Start of Supplied material

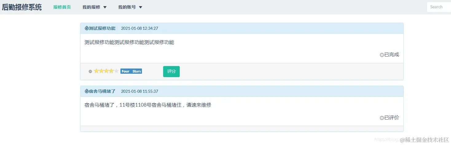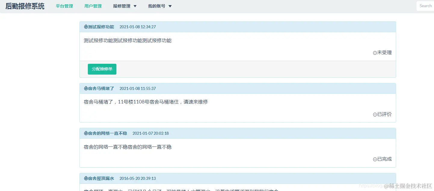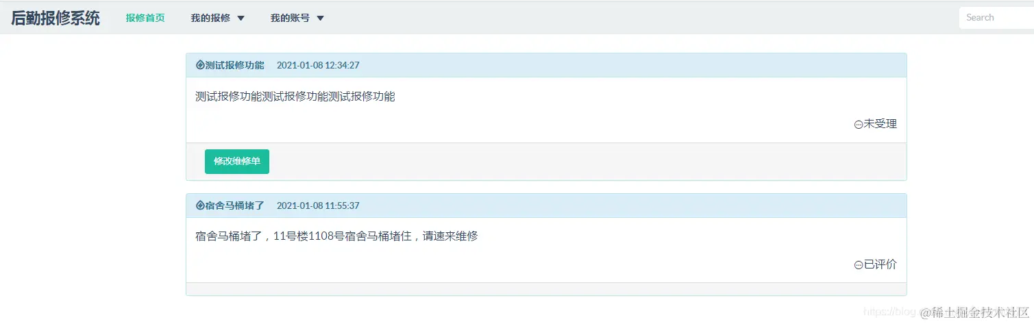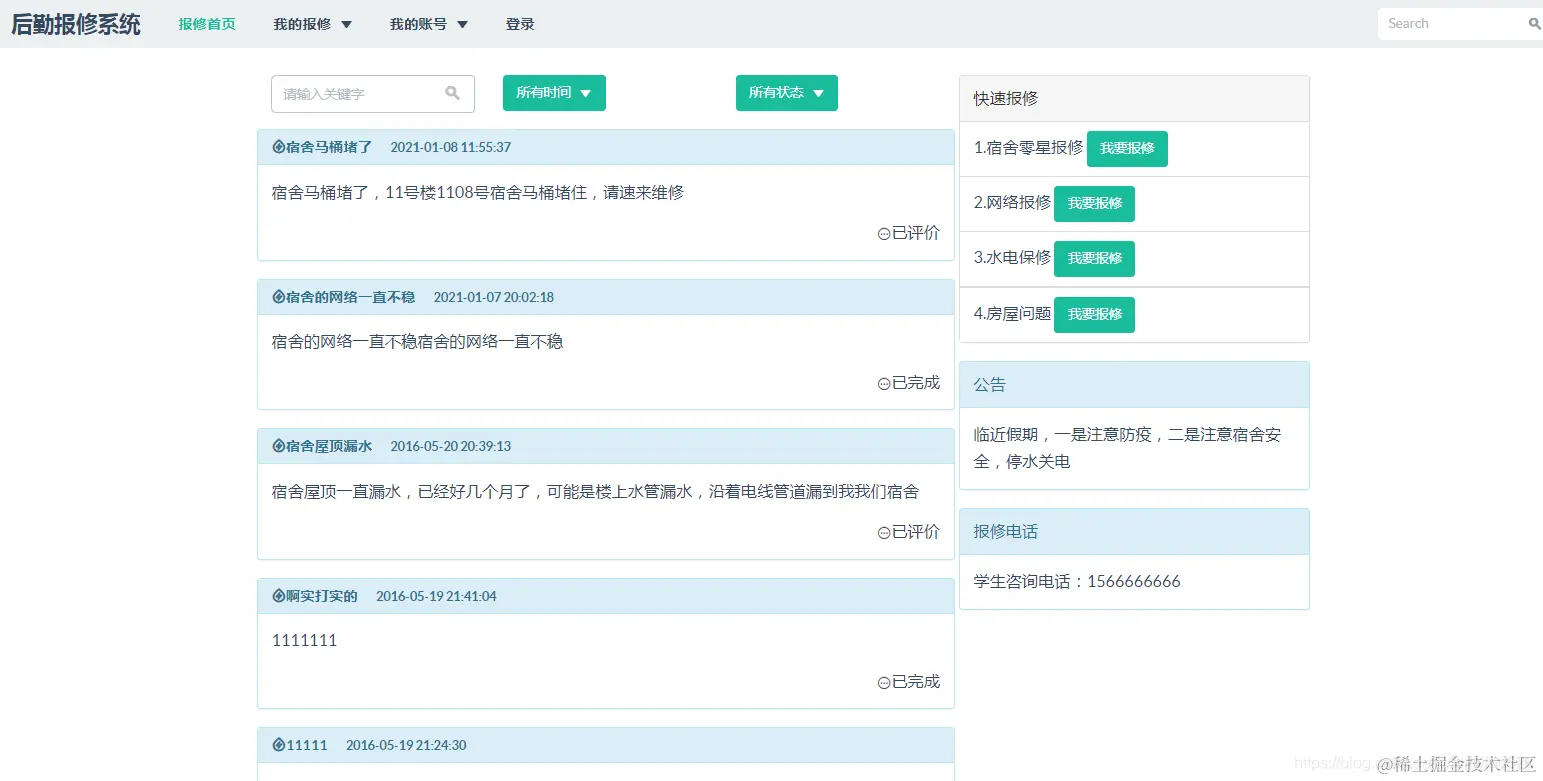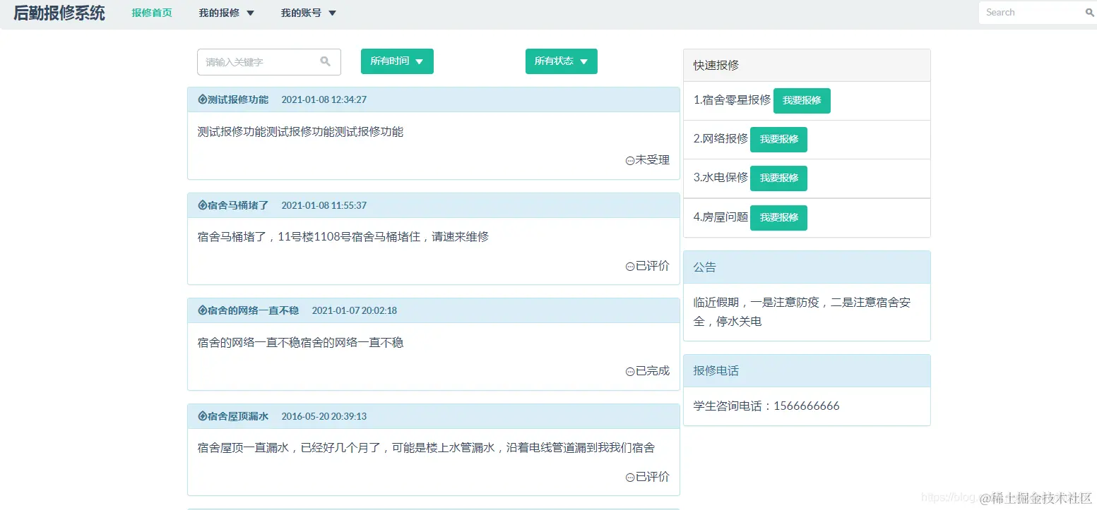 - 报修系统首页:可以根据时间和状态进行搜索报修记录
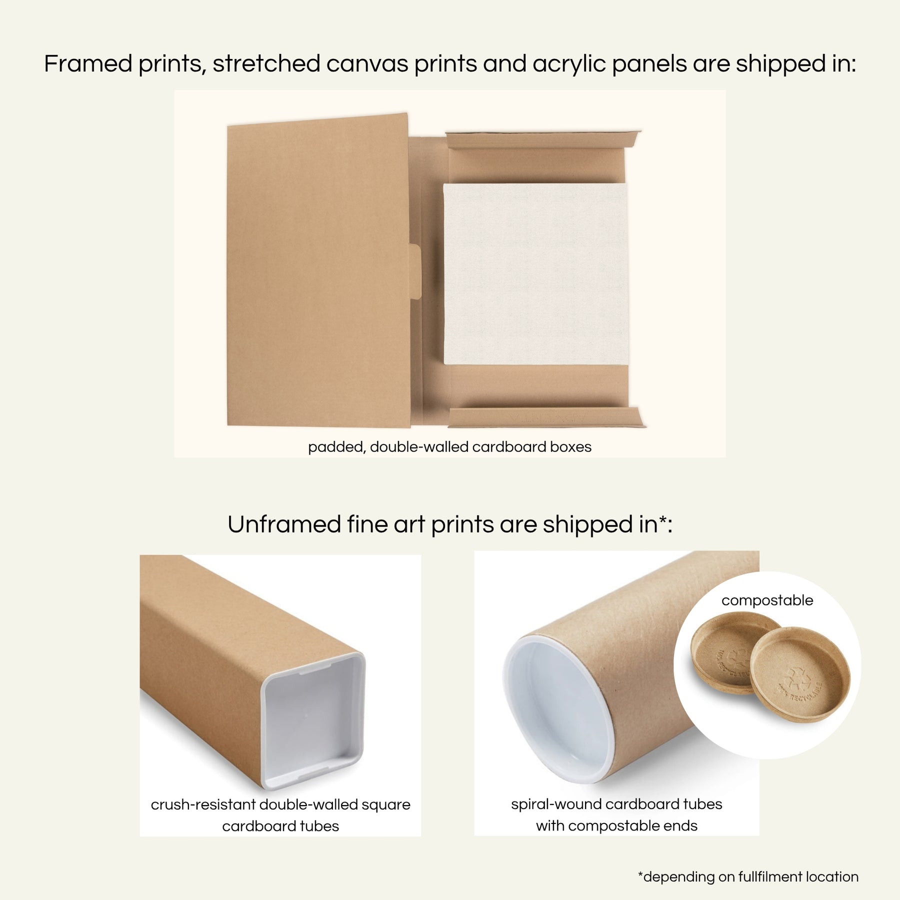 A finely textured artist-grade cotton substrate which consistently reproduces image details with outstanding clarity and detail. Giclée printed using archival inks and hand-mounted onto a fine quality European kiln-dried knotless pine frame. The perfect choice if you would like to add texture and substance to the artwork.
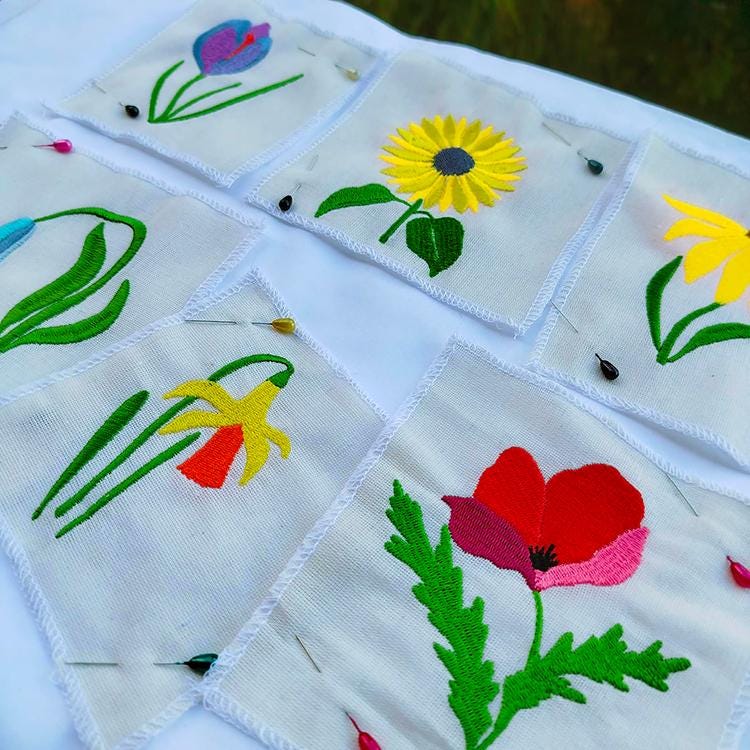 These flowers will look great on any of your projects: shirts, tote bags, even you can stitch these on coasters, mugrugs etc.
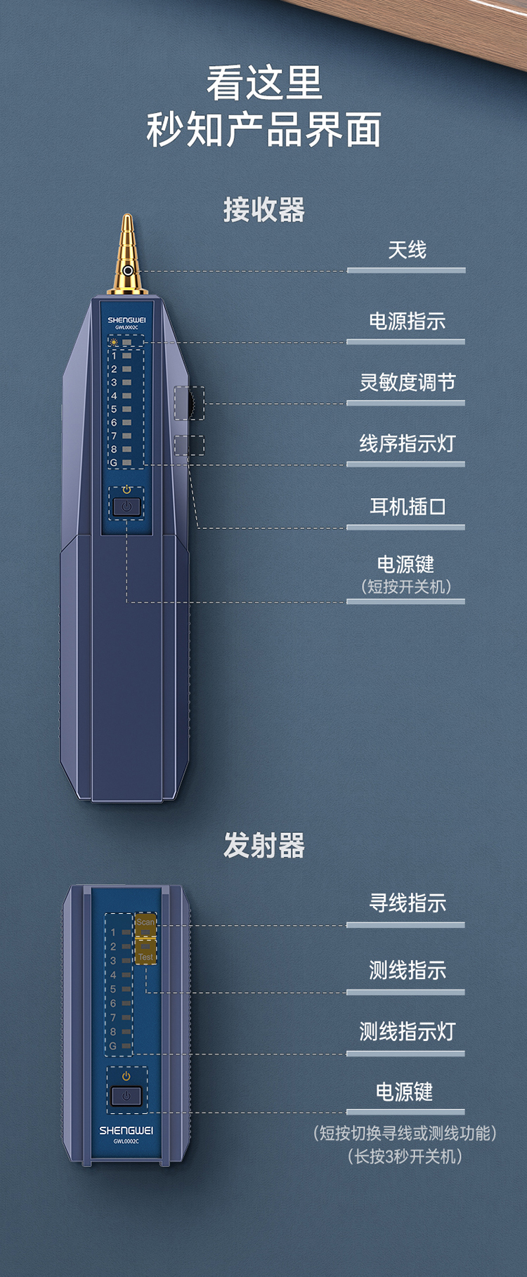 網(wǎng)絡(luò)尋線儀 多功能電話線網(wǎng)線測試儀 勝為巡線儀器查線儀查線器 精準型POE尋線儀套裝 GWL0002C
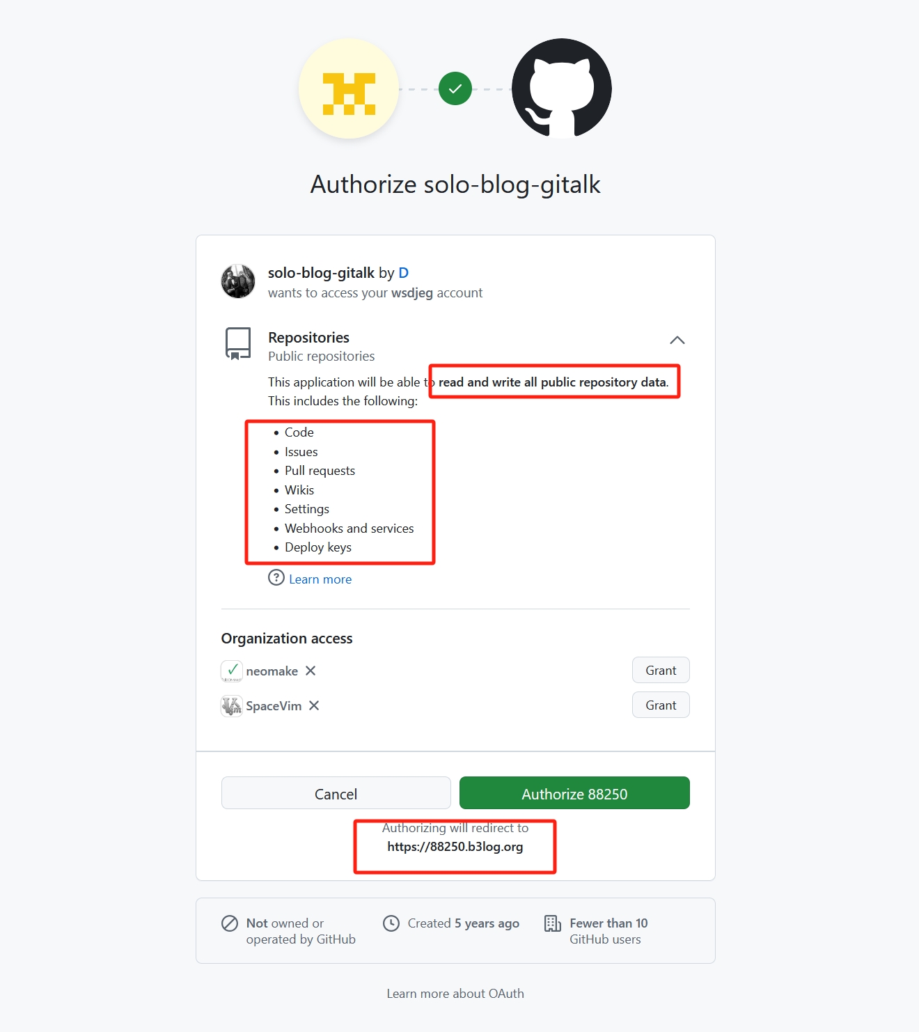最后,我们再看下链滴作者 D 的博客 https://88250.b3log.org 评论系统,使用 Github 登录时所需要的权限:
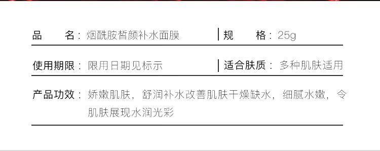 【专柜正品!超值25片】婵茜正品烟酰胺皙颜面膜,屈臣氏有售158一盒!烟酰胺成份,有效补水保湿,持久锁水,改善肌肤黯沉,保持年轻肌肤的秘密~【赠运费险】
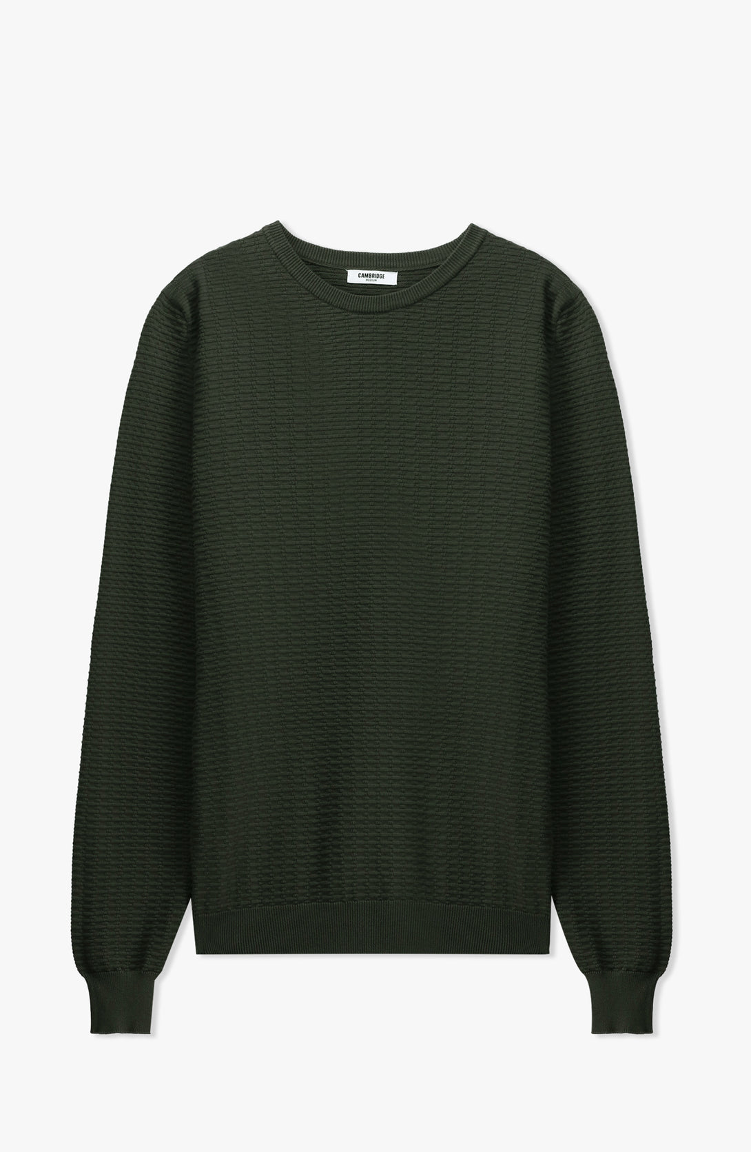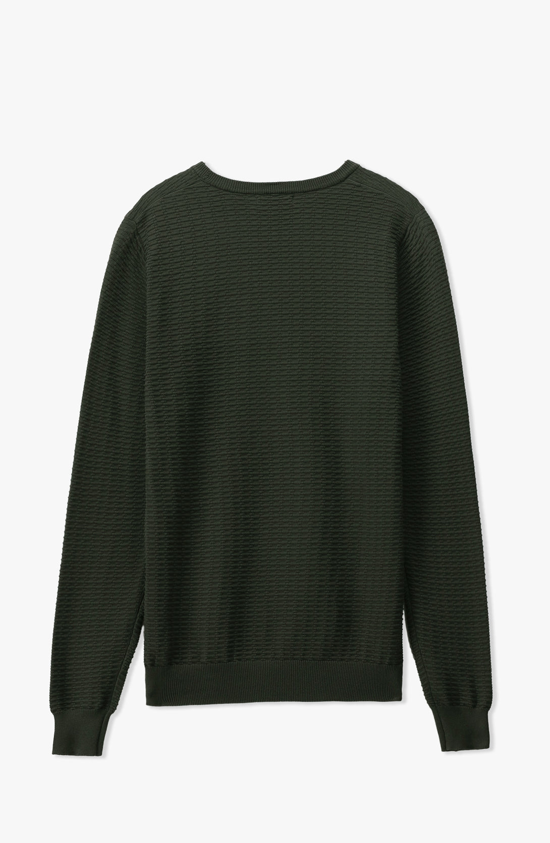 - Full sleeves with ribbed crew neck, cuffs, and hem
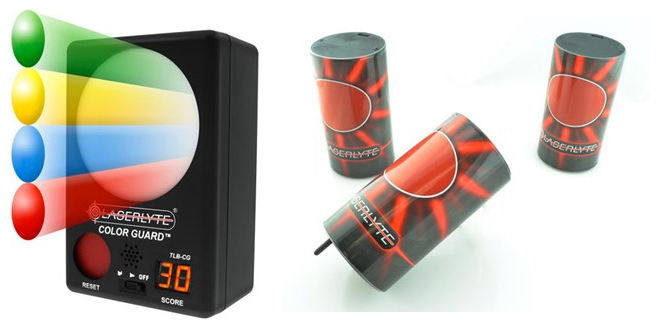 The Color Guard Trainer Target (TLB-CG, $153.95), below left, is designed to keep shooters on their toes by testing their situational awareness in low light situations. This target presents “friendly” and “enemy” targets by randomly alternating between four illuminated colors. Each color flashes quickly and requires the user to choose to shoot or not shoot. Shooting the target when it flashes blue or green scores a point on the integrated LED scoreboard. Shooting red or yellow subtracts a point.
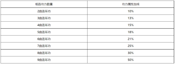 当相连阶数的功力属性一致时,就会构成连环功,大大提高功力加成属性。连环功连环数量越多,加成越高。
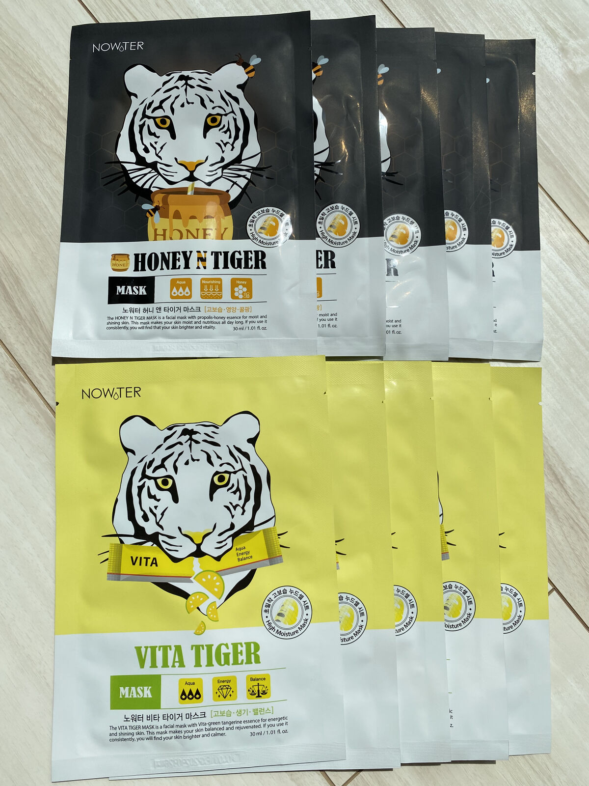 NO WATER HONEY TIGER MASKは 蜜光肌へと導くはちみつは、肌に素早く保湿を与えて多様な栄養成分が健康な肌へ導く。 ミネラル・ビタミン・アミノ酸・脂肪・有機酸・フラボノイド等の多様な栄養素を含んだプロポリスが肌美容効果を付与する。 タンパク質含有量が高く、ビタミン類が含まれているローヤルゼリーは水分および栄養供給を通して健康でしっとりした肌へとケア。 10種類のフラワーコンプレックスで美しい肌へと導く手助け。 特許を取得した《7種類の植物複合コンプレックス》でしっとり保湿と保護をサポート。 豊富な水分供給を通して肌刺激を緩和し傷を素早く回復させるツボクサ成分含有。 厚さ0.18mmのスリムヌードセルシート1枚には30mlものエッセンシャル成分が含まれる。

End of Supplied material

**Work instruction**
Above this task is a listing with pictures in it. Retype only the lines from the one containing "網(wǎng)絡(luò)尋線儀 多功能電話線網(wǎng)線測試儀 勝為巡線儀器查線儀查線器" through the one containing "当相连阶数的功力属性一致时,就会构成连环", both included, and not the pictures.

**Answer for this exercise**
 網(wǎng)絡(luò)尋線儀 多功能電話線網(wǎng)線測試儀 勝為巡線儀器查線儀查線器 精準型POE尋線儀套裝 GWL0002C
最后,我们再看下链滴作者 D 的博客 https://88250.b3log.org 评论系统,使用 Github 登录时所需要的权限:
 【专柜正品!超值25片】婵茜正品烟酰胺皙颜面膜,屈臣氏有售158一盒!烟酰胺成份,有效补水保湿,持久锁水,改善肌肤黯沉,保持年轻肌肤的秘密~【赠运费险】
 - Full sleeves with ribbed crew neck, cuffs, and hem
 The Color Guard Trainer Target (TLB-CG, $153.95), below left, is designed to keep shooters on their toes by testing their situational awareness in low light situations. This target presents “friendly” and “enemy” targets by randomly alternating between four illuminated colors. Each color flashes quickly and requires the user to choose to shoot or not shoot. Shooting the target when it flashes blue or green scores a point on the integrated LED scoreboard. Shooting red or yellow subtracts a point.
 当相连阶数的功力属性一致时,就会构成连环功,大大提高功力加成属性。连环功连环数量越多,加成越高。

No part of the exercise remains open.